## What needs to be done
What lines of the data below hold the string "base"? Copy each one.

## Exercise material
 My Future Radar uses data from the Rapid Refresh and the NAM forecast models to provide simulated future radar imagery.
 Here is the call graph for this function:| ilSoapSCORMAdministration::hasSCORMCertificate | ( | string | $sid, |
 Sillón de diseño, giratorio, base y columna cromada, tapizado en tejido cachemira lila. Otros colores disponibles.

* * *

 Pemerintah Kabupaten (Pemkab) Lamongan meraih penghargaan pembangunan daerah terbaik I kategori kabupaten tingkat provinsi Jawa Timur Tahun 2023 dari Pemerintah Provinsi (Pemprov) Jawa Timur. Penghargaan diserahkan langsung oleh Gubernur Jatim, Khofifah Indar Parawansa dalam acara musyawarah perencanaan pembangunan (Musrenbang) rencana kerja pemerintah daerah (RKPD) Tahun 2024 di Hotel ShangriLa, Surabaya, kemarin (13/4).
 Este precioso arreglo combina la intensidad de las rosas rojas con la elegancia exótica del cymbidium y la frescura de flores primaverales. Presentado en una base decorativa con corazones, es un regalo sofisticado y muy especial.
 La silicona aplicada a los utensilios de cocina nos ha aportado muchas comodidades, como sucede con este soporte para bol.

## Response area
 Sillón de diseño, giratorio, base y columna cromada, tapizado en tejido cachemira lila. Otros colores disponibles.
 Este precioso arreglo combina la intensidad de las rosas rojas con la elegancia exótica del cymbidium y la frescura de flores primaverales. Presentado en una base decorativa con corazones, es un regalo sofisticado y muy especial.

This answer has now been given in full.